- Born: Oct. 2 1986 Greensboro, North Carolina
- Occupations: ballet dancer, choreographer
- Years active: 2006-Present
- Career
- Current group: Metropolitan Opera
- Former groups: Greensboro Ballet North Carolina Dance Theatre School of American Ballet
- Website: emerylecrone.com

= Emery LeCrone =

American dancer and choreographer (born 1986)

Emery LeCrone is an American dancer and choreographer. Currently she dances professionally with the Metropolitan Opera in New York City. She is an established choreographer who has presented and produced numerous large scale productions with her own chamber company, Emery LeCrone DANCE, founded in 2013. LeCrone's choreography has been commissioned by the Colorado Ballet, Oregon Ballet Theater, Minnesota Dance Theater, North Carolina Dance Theater, and the Saint Louis Ballet, among others.

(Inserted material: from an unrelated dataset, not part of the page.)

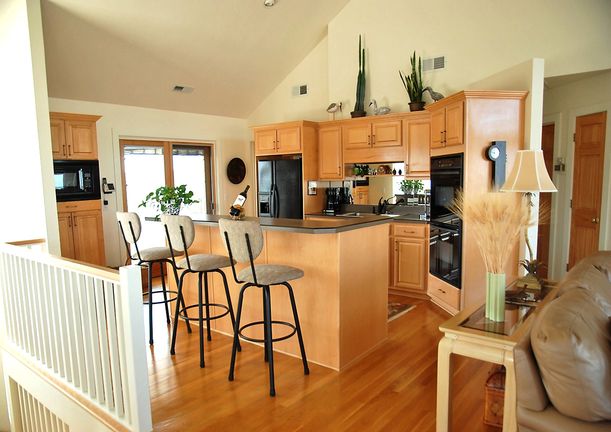 Great room; kitchen; dining area; screened porch.

Career highlights include a collaboration with the designer Yigal Azrouël for the Guggenheim Works & Process series in 2014. As well as a full-length evening of her choreography for The Joyce Theater's Ballet Festival in 2017.

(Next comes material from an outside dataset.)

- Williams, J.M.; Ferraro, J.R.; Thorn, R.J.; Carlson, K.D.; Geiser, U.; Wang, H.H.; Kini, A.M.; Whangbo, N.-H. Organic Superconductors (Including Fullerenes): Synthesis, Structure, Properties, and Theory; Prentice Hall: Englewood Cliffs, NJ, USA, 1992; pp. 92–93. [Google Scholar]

While working within the classical vocabulary, LeCrone incorporates pedestrian movements that are strikingly tender. The steps look like ballet, but they're less formal, more rugged and athletic and her dancers are certainly not afraid of the floor.
Intense movements with silent yet intimate exchanges between dancers are emblematic of LeCrone's choreographic style.

Brian Seibert of The New York Times has written about her work "Emery LeCrone is a skilled and sophisticated choreographer who is attentive to music and musical form. Mostly abstaining from easy sensationalism, she is laudably committed to the harder task of making dance work as dance, almost solely through abstraction rather than narrative. He elaborates "Ms. LeCrone's divergences from classical ballet are all in the direction of increasing a ribbonlike flow — blending in the rolling floor contact of contemporary dance and braiding sections with adroit overlapping.

She grew up in North Carolina and trained at the School of Greensboro Ballet under Elissa Minet Fuchs, John Dennis, and Maryhelen Mayfield. LeCrone spent summers at intensives at the School of American Ballet. She graduated from the North Carolina School of the Arts before joining the North Carolina Dance Theatre. She began choreographing in 2006. She was the resident choreographer of the New Chamber Ballet and the Columbia Ballet Collaborative. She has also choreographed works for the Oregon Ballet Theater and the Colorado Ballet.

Her sister, Megan LeCrone, is a soloist for the New York City Ballet.